The key insight is that the "combined value" of a stone (i.e., aliceValues[i] + bobValues[i]) tells us how much a stone is "contested" between the two players. Picking stones with the highest combined value first ensures that the most valuable options are taken early, minimizing what the opponent can gain from them.

Solution Approach

The optimal approach is based on sorting the stones by their total importance to both players. Here’s how we solve the problem step by step:
  1. Pair Each Stone's Values: For each stone, combine its Alice and Bob values into a tuple or object, along with its index if needed.
  2. Sort Stones by Combined Value: Sort all stones in descending order of aliceValues[i] + bobValues[i]. This ensures that, on each turn, the player picks the stone that is most valuable overall.
  3. Simulate Picking Turns: Loop through the sorted stones. For each turn:
    • If it's Alice's turn (even index in the sorted list), add aliceValues[i] to her score.
    • If it's Bob's turn (odd index), add bobValues[i] to his score.
  4. Compare Final Scores: At the end, compare Alice's and Bob's totals and return the result as specified.

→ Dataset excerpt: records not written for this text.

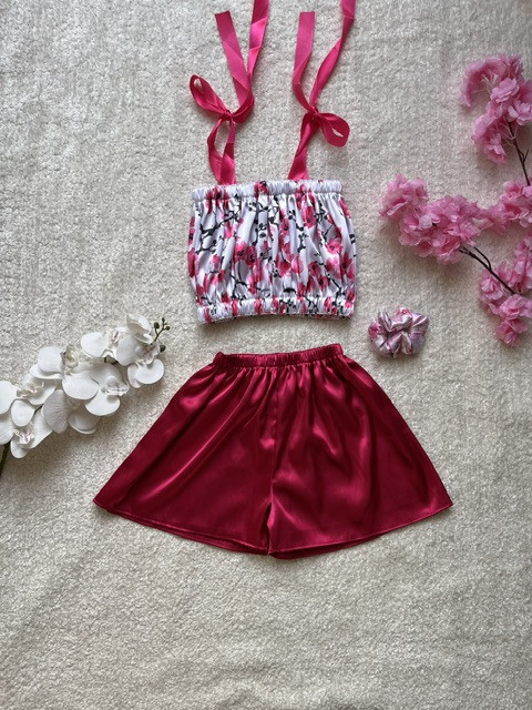 ست نیم تنه شورتک ساتن شکوفه صورتی
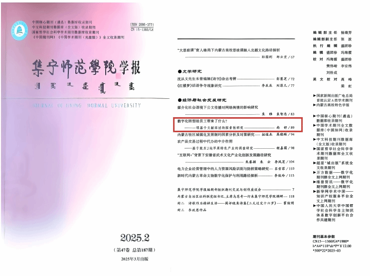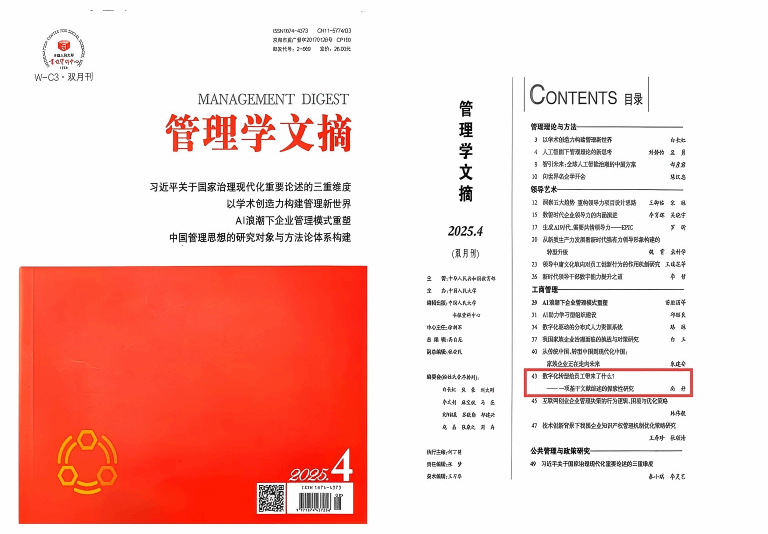 发表于《pp电子官方网站学报》(2025年第2期)的文章《数字化转型给员工带来了什么?——一项基于文献综述的探索性研究》被人大复印报刊资料《管理学文摘》(2025年第4期)全文转载,文章作者为pp电子官方网站经济与管理学院副教授、科技处副处长尚妤博士。
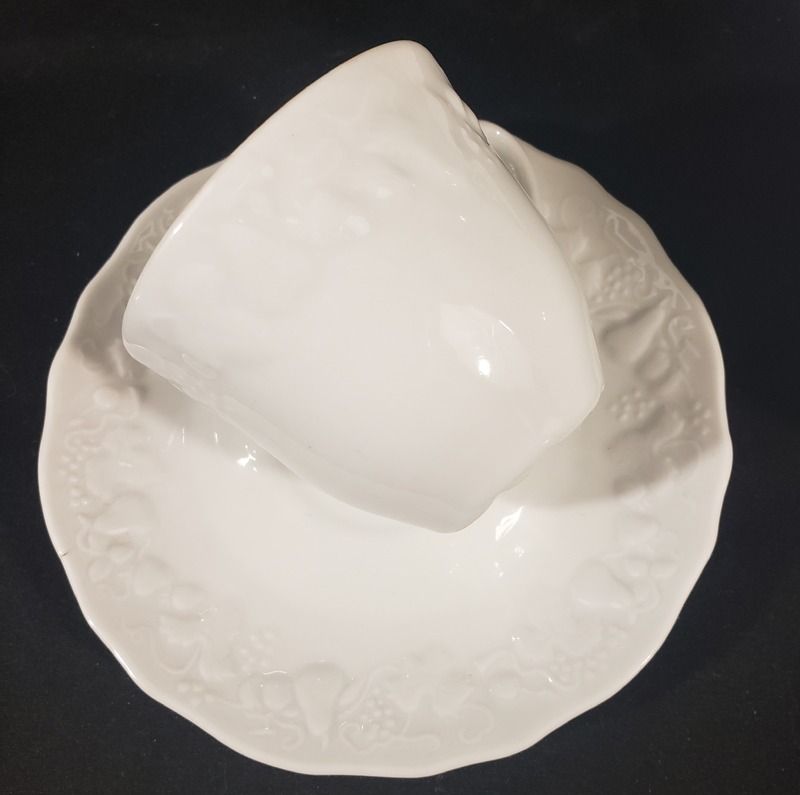 Chaque pièce présente un léger décor en relief autour du bord rappelant les modèles classiques de porcelaine de Bavière ou de Limoges.

This greedy approach works because picking the highest combined value stone either maximizes your gain or minimizes your opponent's possible gain, which is exactly what optimal play requires in this context.

Example Walkthrough

Let's consider the example:
aliceValues = [1, 3]
bobValues = [2, 1]

  1. Pair and Sum:
    • Stone 0: (1, 2), sum = 3
    • Stone 1: (3, 1), sum = 4
  2. Sort by Combined Value:
    • Stone 1: sum = 4
    • Stone 0: sum = 3
  3. Simulate Picks:
    • Turn 1 (Alice): Picks Stone 1, gets 3 points (Alice: 3, Bob: 0)
    • Turn 2 (Bob): Picks Stone 0, gets 2 points (Alice: 3, Bob: 2)
  4. Result: Alice has 3, Bob has 2. Alice wins, so output is 1.

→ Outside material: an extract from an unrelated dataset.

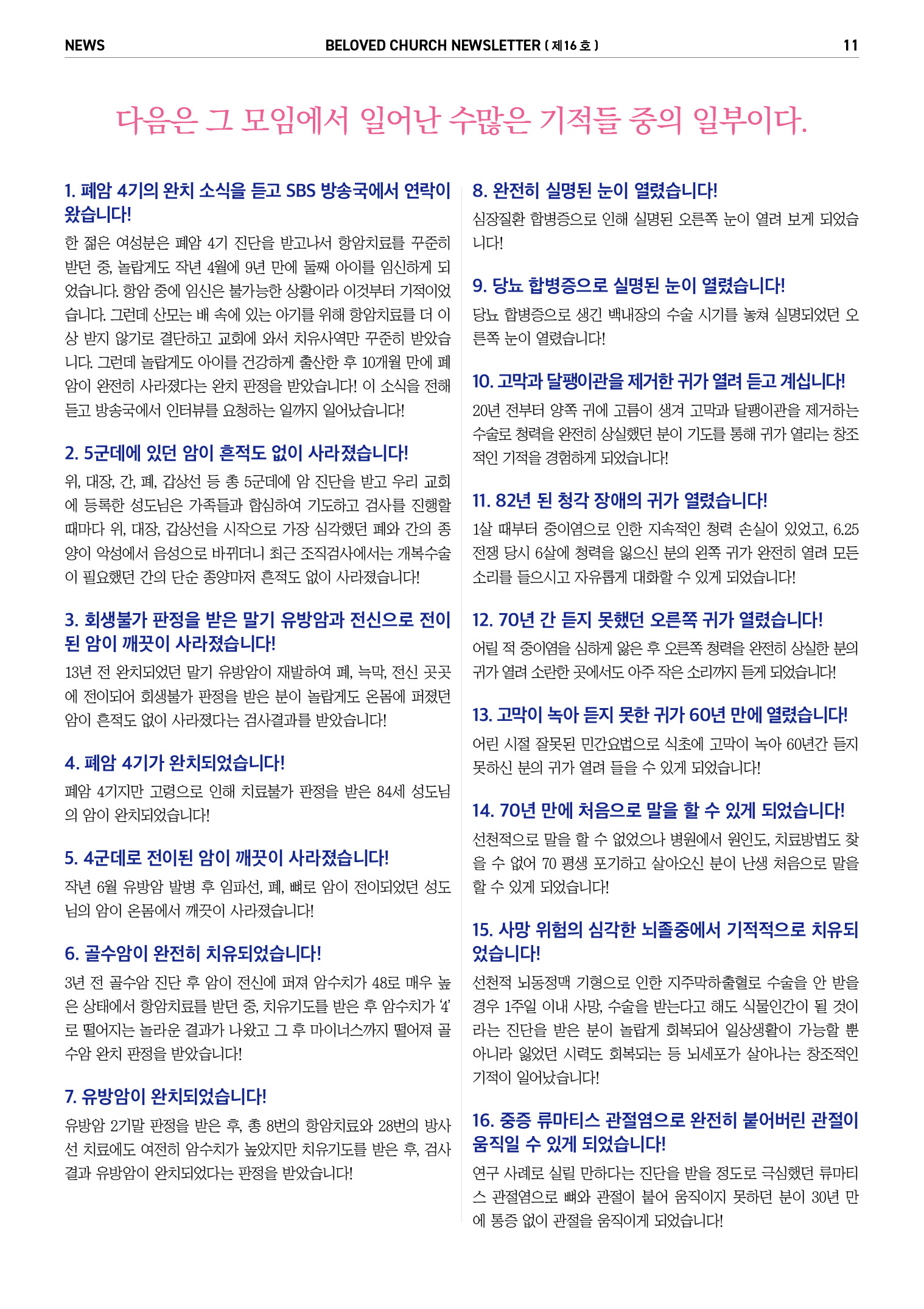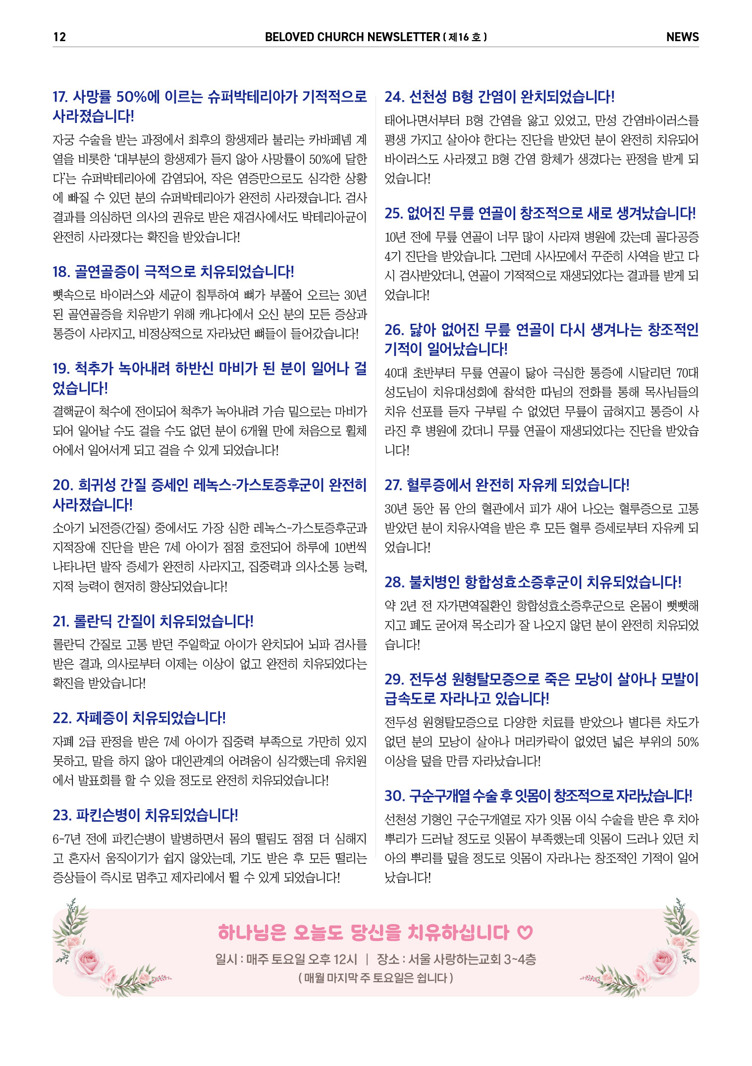 | 이전글 | 25. 11. 1. 사사모 쇼츠 - 20년 동안 사고로 사라졌던 꼬리뼈가 생겨나고 무릎의 물이 차던 증상도 사라졌습니다! | 사랑하는교회 | 2025-11-19 11:19:52 |

This process ensures that the player who can get the most out of the available stones does so, while also denying the opponent their best options.

Time and Space Complexity

  • Brute-force approach: Would try every possible pick sequence, leading to O(n!) time and O(n) space for recursion stack, which is not practical.
  • Optimized approach:
    • Sorting: Sorting the stones by combined value takes O(n log n) time.
    • Simulation: Looping through the stones is O(n).
    • Total Time Complexity: O(n log n)
    • Space Complexity: O(n) for storing the sorted stones.

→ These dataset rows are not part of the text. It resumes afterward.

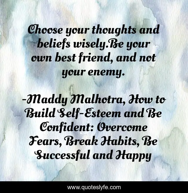 This page presents the quote "Choose your thoughts and beliefs wisely.Be your own best friend, and not your enemy.". Author of this quote is Maddy Malhotra, How to Build Self-Esteem and Be Confident: Overcome Fears, Break Habits, Be Successful and Happy. This quote is about mindset, happy-life, successful-living, self-control, positive-thinking,.
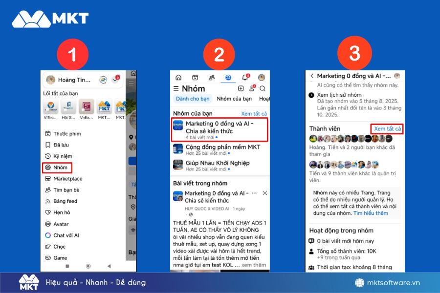 Bước 2: Truy cập danh sách thành viên hoặc bài đăng trong nhóm.
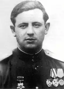 In April 1942 he was deployed to the warfront with the 159th Fighter Aviation Regiment, and on 30 August that year he gained his first aerial victory - the shared kill of a Bf 109. However, it was not until November that he gained his first solo shootdown - another Bf 109. He went on to gain another shootdown two days later, which turned out to be his last aerial victory on the Curtiss P-40 Warhawk. Eventually in May the next year he tallied his first kill on the new La-5, and from then on he quickly increased his tally, often gaining two shootdowns in a day; throughout the battle of Leningrad he engaged in intense aerial battles, especially in early 1944. In April 1944 he was nominated for the title Hero of the Soviet Union for completing 203 sorties, engaging in 53 dogfights, and tallying 20 solo plus six shared shootdowns. However, being awarded the title posthumously in August rapidly increased his tally during the intense battle for the Karelian Isthmus. Accounts of his last flight differ - some sources claims he shot down two enemy aircraft before fatally ramming another, but those claims are not reflected in his official tally, which indicates the shootdown of one Bf 109 on 26 June 1944 before he was killed in action.[2][3]
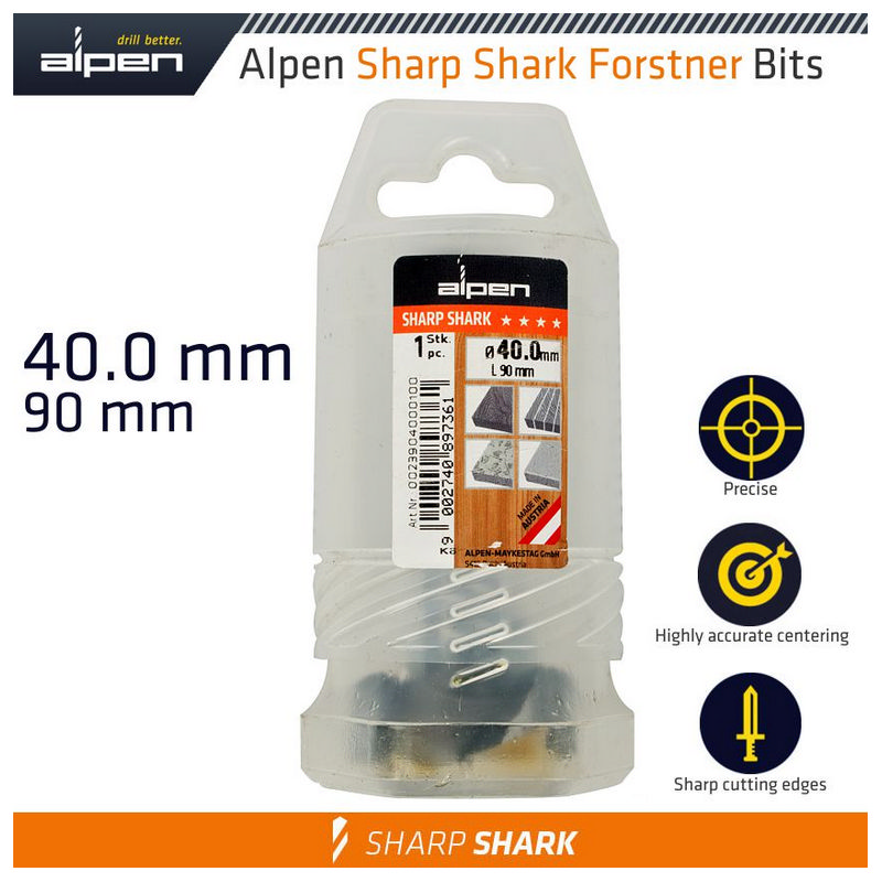 Alpen Forstner Drill Bit Sharp Shark 40Mm
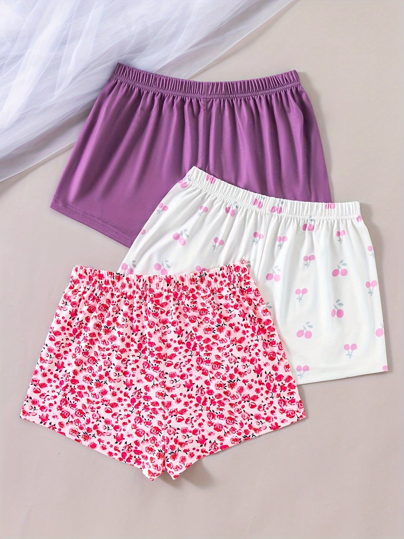 Conjunto de pantalones cortos de descanso para mujer con estampado floral, cinturilla elástica, lavable a máquina
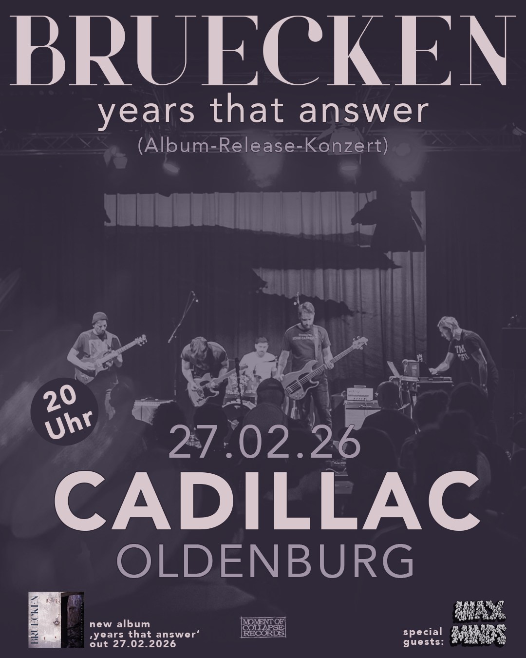 Die in Oldenburg gegründet und inzwischen ganz Norddeutschland verteilte lebende Instrumental-Band BRUECKEN hat sich mit zwei Alben, zuletzt „INNERE UNRUHEN“ vom März 2022 und mit Konzerten in ganz Deutschland ihren eigenen, Platz in der wachsenden Szene erspielt. Einfühlsam und durchdacht schaffen BRUECKEN einen vielseitigen und unverwechselbaren Sound, der seine Inspiration aus allen Genres atmosphärischer und härterer Gitarrenmusik zieht.

This is efficient and suitable for the problem's constraints.

Summary

The key to solving Stone Game VI is to recognize that the most optimal move is to always pick the stone with the highest combined value for both players. By sorting the stones and alternating picks, both Alice and Bob maximize their own points while minimizing their opponent's opportunities. This greedy approach is both efficient and elegant, reducing the problem from a factorial brute-force search to a simple sort and simulation, making it accessible and efficient for any reasonable input size.